▼
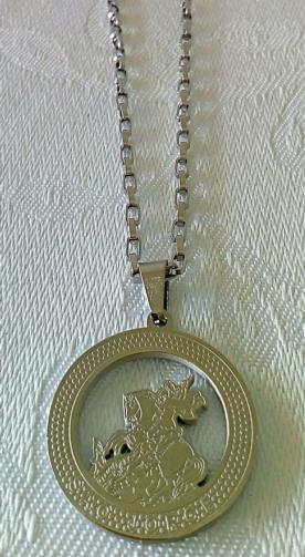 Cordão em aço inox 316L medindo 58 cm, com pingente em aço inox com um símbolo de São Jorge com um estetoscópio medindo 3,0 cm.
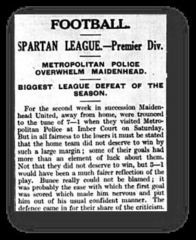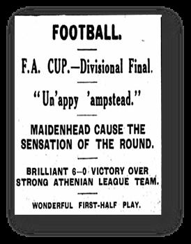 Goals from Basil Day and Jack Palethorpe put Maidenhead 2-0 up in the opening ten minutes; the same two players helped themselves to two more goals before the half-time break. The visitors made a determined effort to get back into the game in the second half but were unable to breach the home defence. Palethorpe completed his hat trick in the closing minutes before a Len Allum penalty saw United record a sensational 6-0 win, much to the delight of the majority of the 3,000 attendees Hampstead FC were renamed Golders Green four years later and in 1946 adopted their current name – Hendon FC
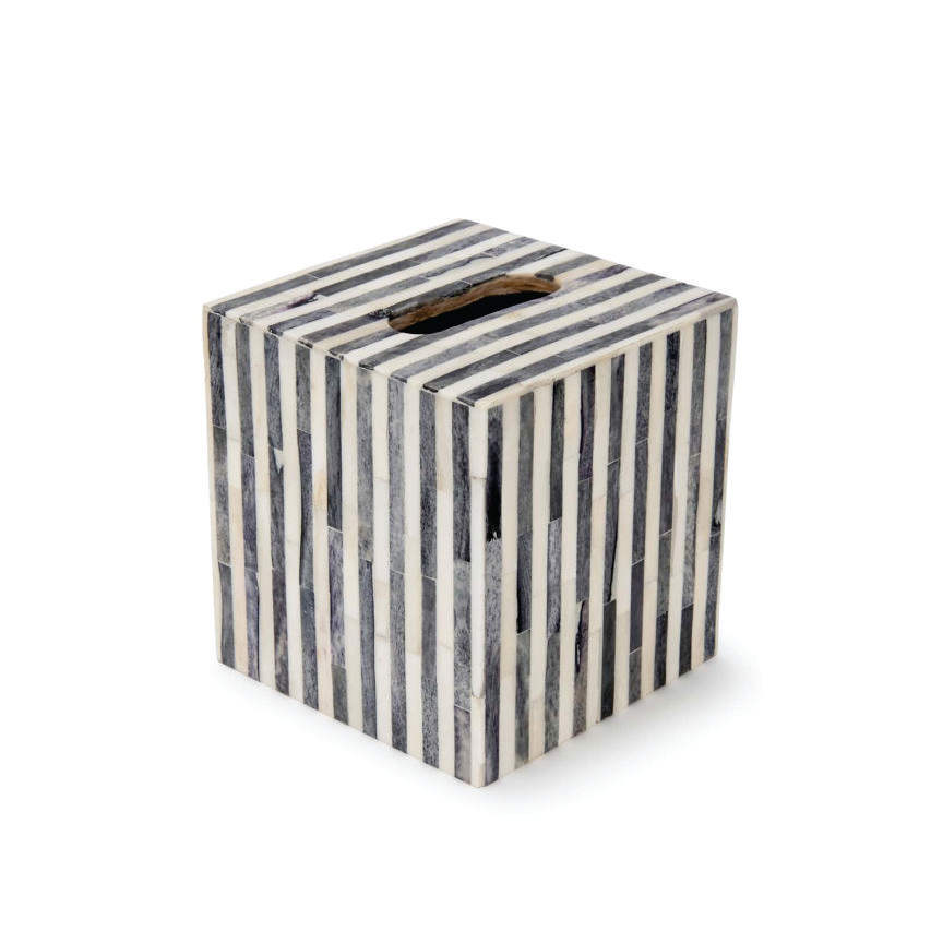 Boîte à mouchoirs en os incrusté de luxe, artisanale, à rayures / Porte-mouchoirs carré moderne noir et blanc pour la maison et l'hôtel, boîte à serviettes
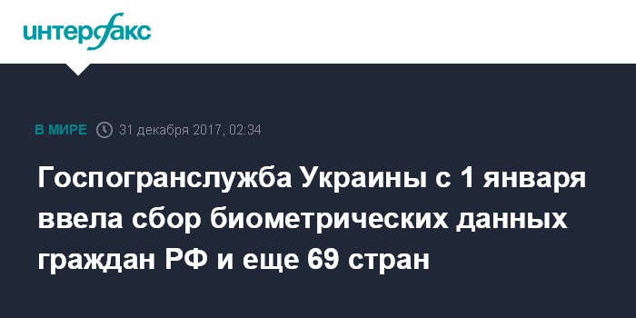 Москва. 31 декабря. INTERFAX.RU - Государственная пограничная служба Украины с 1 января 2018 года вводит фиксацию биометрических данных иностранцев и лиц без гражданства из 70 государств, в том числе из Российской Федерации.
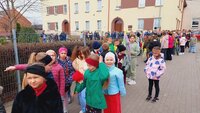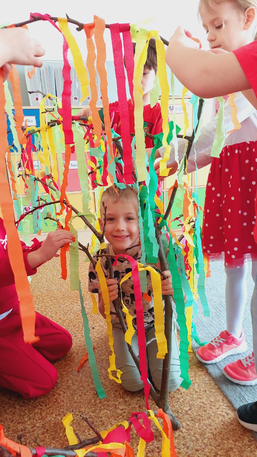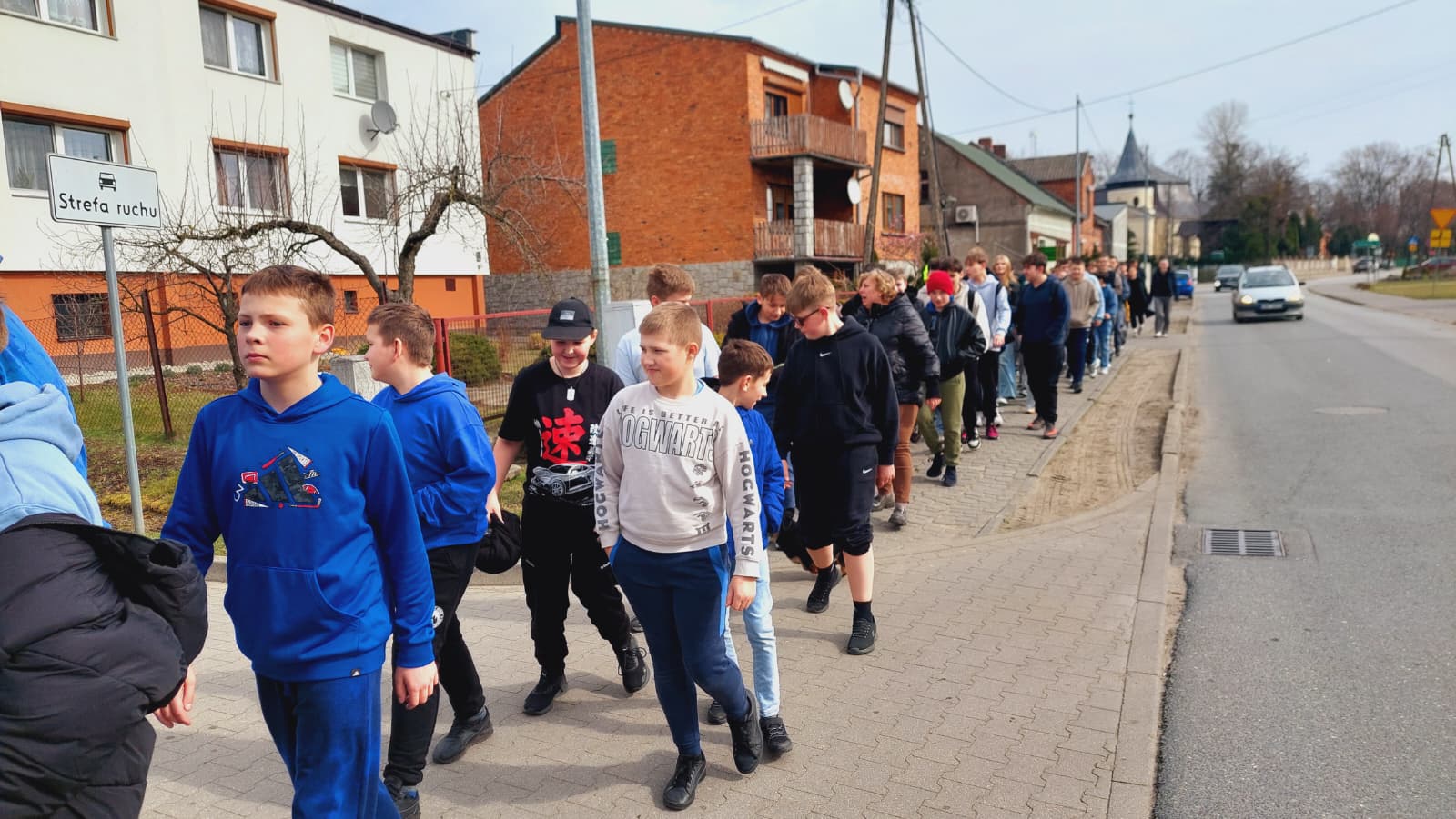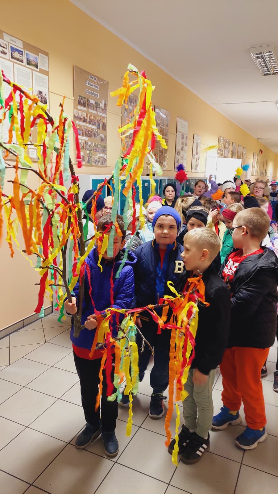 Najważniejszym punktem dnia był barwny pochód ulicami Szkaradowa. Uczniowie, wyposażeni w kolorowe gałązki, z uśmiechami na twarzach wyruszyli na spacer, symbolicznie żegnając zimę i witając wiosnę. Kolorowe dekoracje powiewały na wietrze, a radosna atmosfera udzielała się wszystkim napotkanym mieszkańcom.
▲
▼
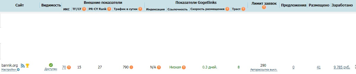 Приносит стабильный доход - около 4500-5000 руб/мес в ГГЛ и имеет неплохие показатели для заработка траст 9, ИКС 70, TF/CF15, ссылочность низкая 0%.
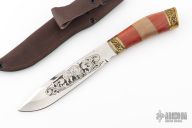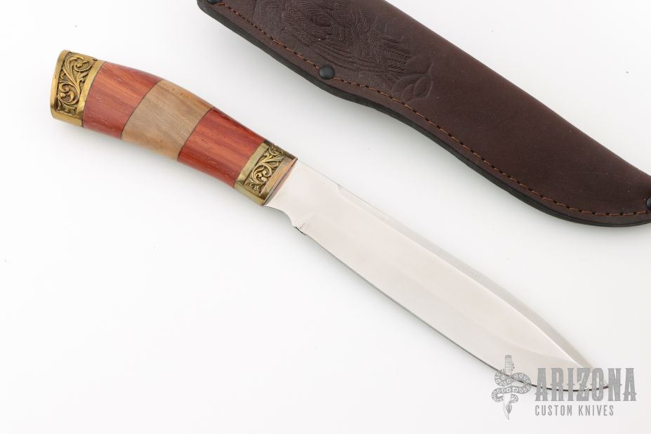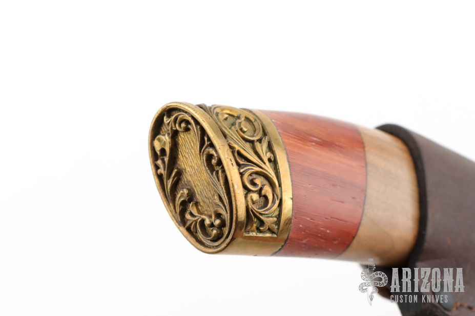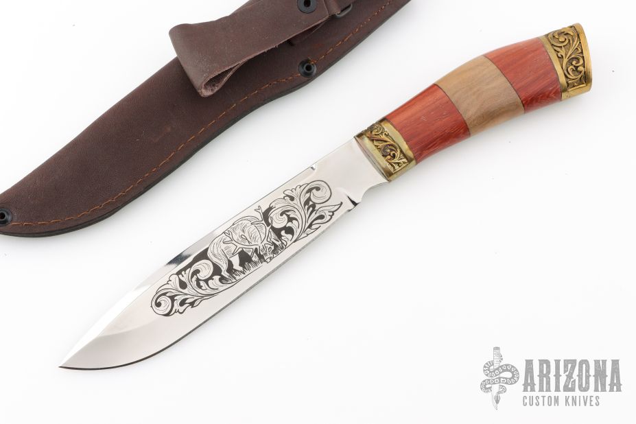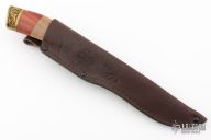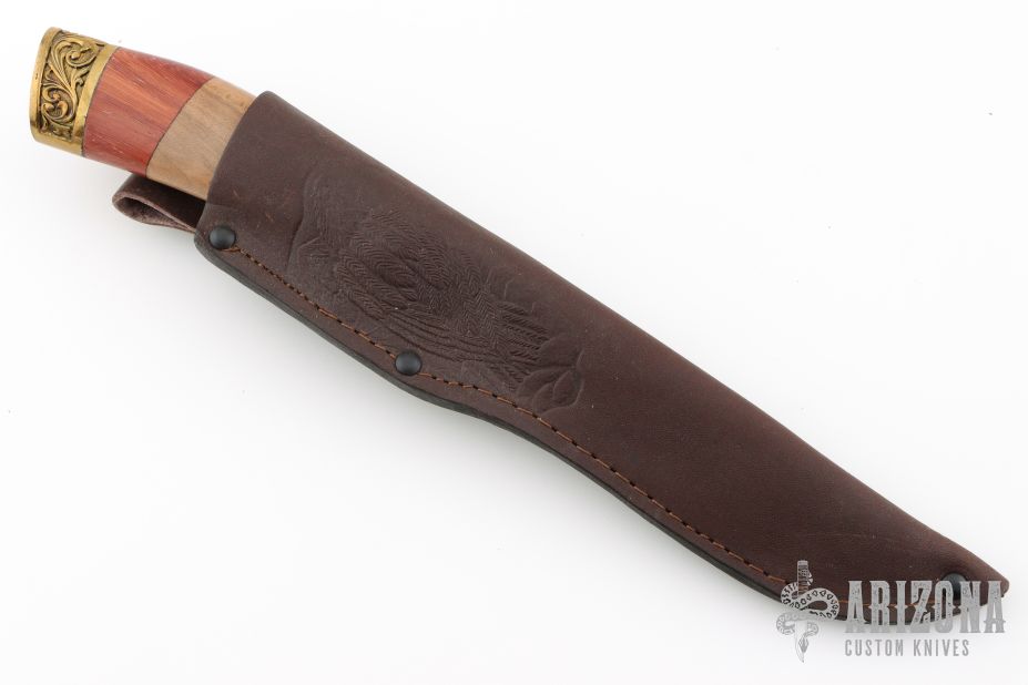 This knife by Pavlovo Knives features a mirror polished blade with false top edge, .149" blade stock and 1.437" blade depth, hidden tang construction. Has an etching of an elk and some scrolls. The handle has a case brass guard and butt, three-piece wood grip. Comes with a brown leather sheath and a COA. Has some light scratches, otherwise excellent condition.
▲
PROBLEM DESCRIPTION:
Within the listing above, copy exactly the lines that start at the one with "Москва. 31 декабря." and continue through the one with "Najważniejszym punktem dnia". Omit pictures.

REPLY TO THE EXERCISE:
 Москва. 31 декабря. INTERFAX.RU - Государственная пограничная служба Украины с 1 января 2018 года вводит фиксацию биометрических данных иностранцев и лиц без гражданства из 70 государств, в том числе из Российской Федерации.
 Najważniejszym punktem dnia był barwny pochód ulicami Szkaradowa. Uczniowie, wyposażeni w kolorowe gałązki, z uśmiechami na twarzach wyruszyli na spacer, symbolicznie żegnając zimę i witając wiosnę. Kolorowe dekoracje powiewały na wietrze, a radosna atmosfera udzielała się wszystkim napotkanym mieszkańcom.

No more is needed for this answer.